Tin Pan School Play

lennox_hill_houseClifton, Stefan and I arrived right about the same time and immediately knew that all the furniture on the stage was gonna have to stay. A tiny desk with a cute little lamp. Let’s roll the piano out here and open it up. A table with an upside down stool and a big lamp shade to top it off. Check out that whiskey carafe and those high ball glasses! We are definitely using that American flag. We didn’t use everything. Stefan wanted, somehow to use the 30 bright blue tiny plastic chairs but he let it go! When all was said and done, the stage looked like the set of a high school play, maybe “Our Town” or something by Agatha Christie or Noel Coward. During the show, every time I would turn to my left and Stefan sitting behind his “desk” I would crack up. He’d be sitting cross-legged with his kooky glasses on with his Clarinet matching his frames. I just would loose it. The whole setting was perfect and perfectly atrocious.

Our impresario and hostess tried to manage our expectations telling us that weather was likely to keep people away and that things were looking pretty slow over at the Senior Center. If we didn’t get a full house, we shouldn’t take it personally. Indeed. Turns out we had nearly 90 people in the audience which was far more that she expected. One of the better turnouts even!

When you are in a band playing 1920’s and 1930’s music and the average age in the room is around 70, you have to think that at leas some of the audience certainly knows the music from first hand experience. Clifton said he was sure that several if not many had actually danced to “Sister Kate” in high school. All our recent talks about selecting relevant material that our peers and those younger than us would recognize were made marvelously mute by our audience.

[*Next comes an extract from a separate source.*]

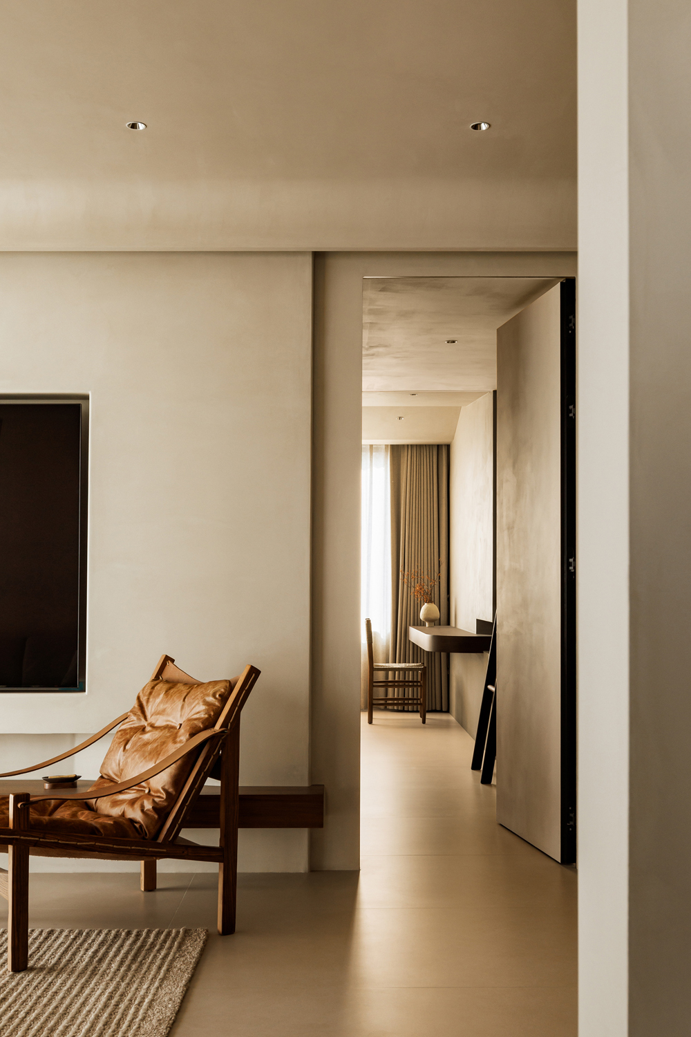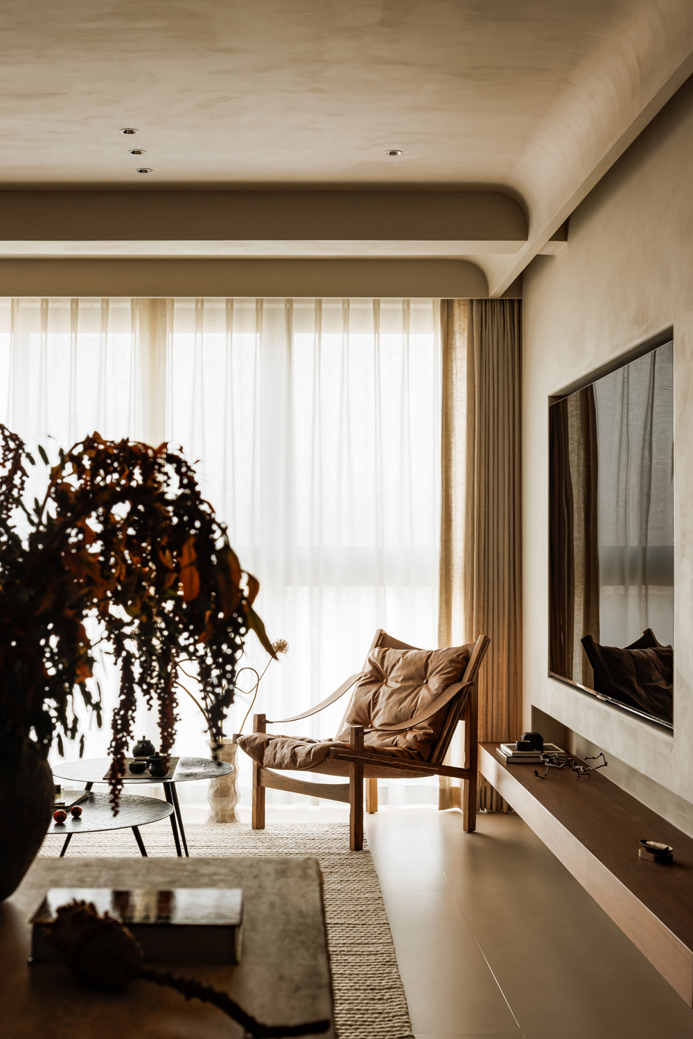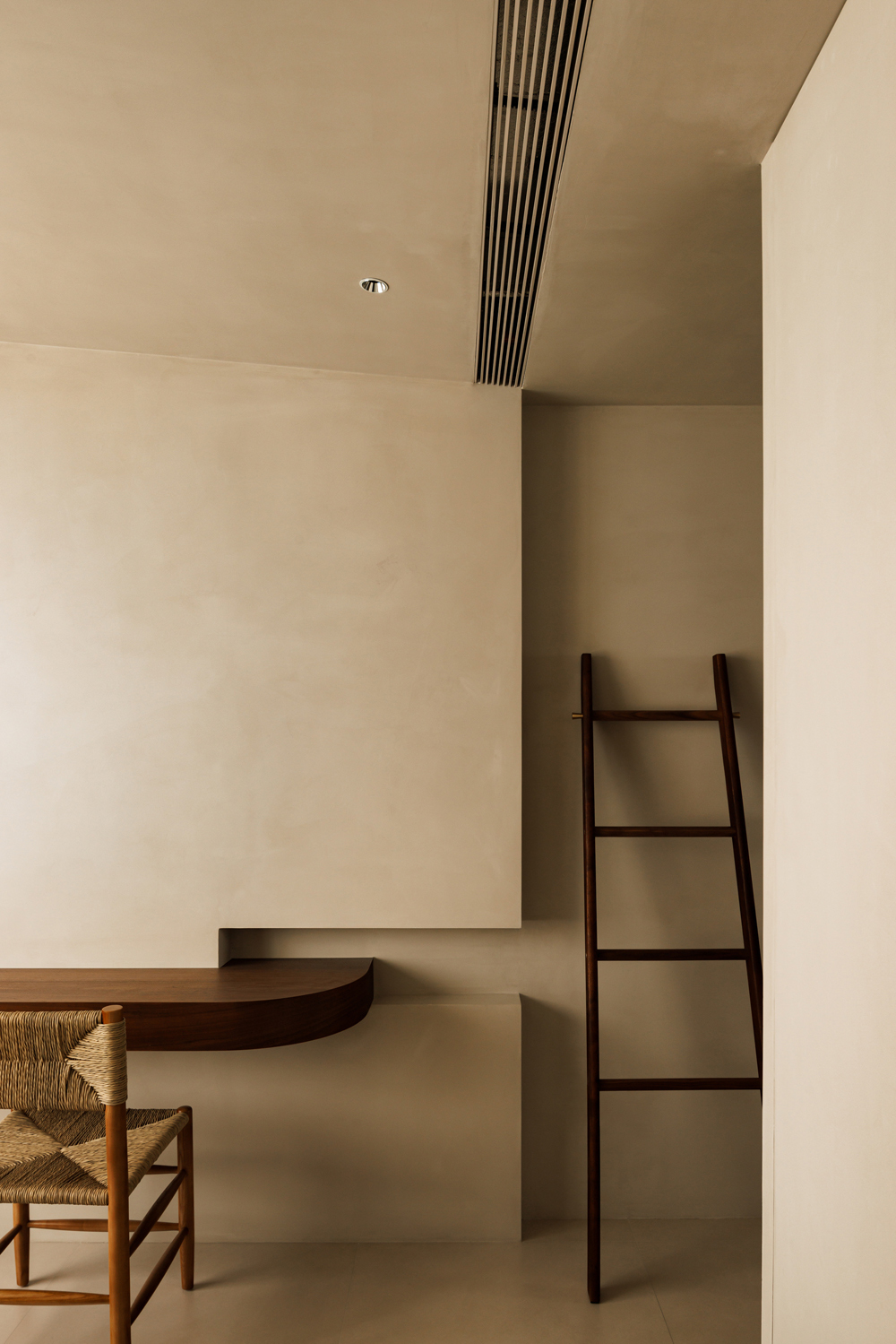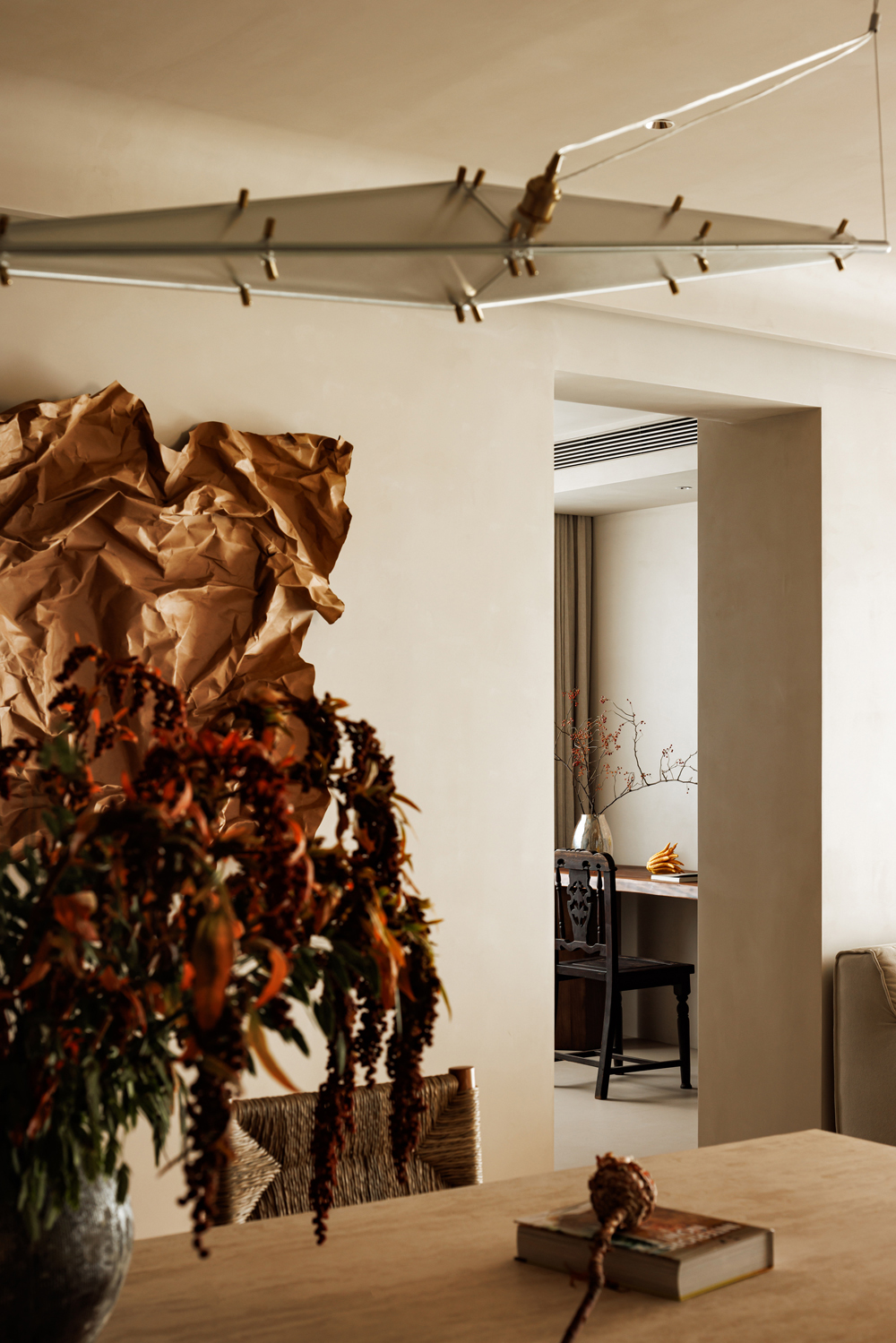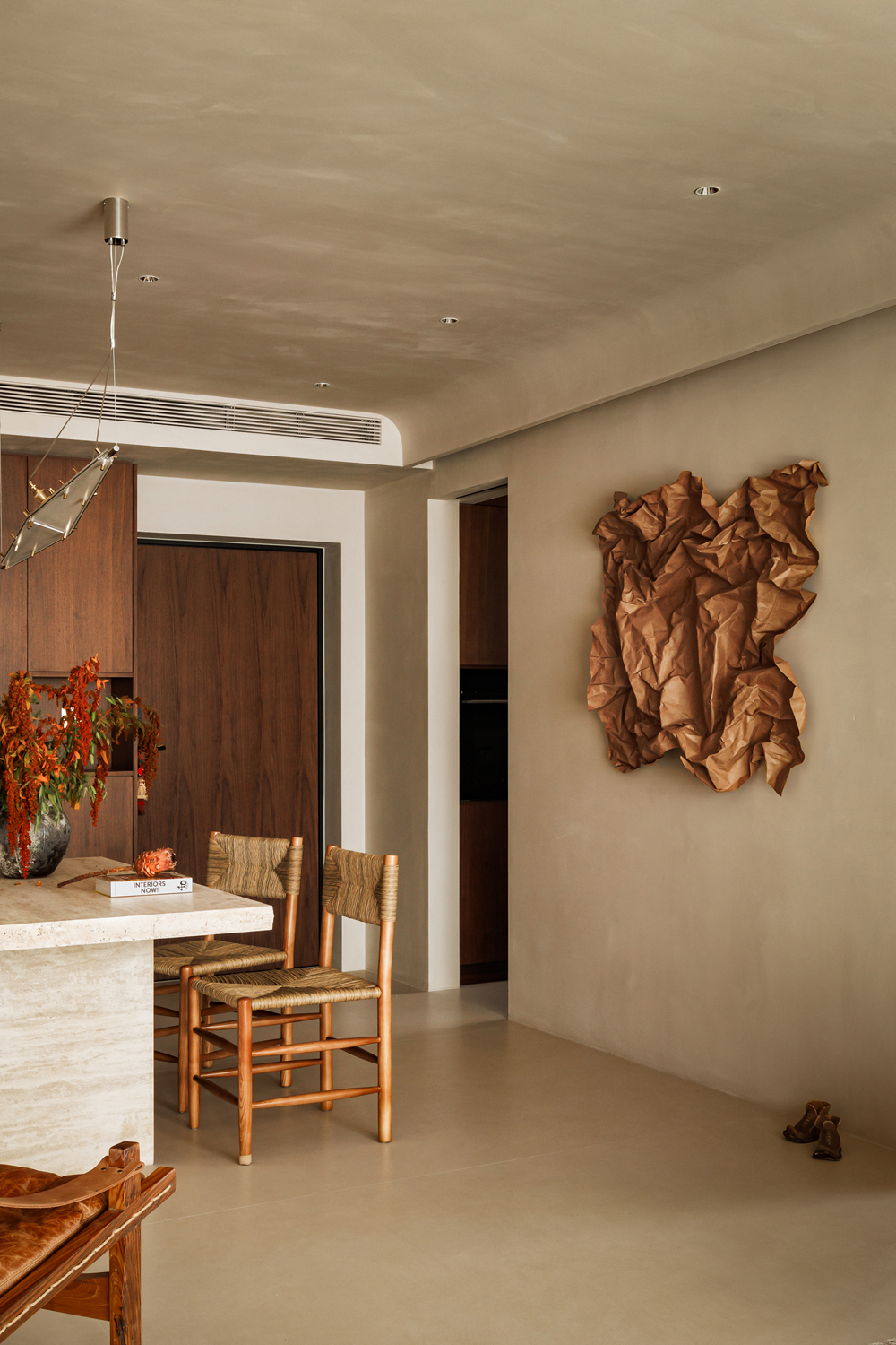 融入的残韵感洞石、裂纹式茶几、实木皮躺椅,原木老书桌......,坚硬的空间有着柔软的温度,如同居者内心的笃定,不乏柔软的一面恰似独处时偶尔泛起的温情。

The acoustics were marvelous. We didn’t need any microphones not even for the singing. The room was just great! The first tune was “Millenburg Joys” by Jelly Roll Morten. When the crowd applauded after I sang the first verse, Clifton gave me a look as if to say, “Ok, that was easy.” This was our first experience at playing in a room with rows of chairs with a seated audience who were there to focus all their attention on us and be entertained. It felt very easy, fun and natural. We managed to keep the room fully engaged for the full hour we were on stage. The sensitivity of the acoustics aloud us to really work with the softer, more gentle side of the music so we could contrast it with the brash, knocking stuff.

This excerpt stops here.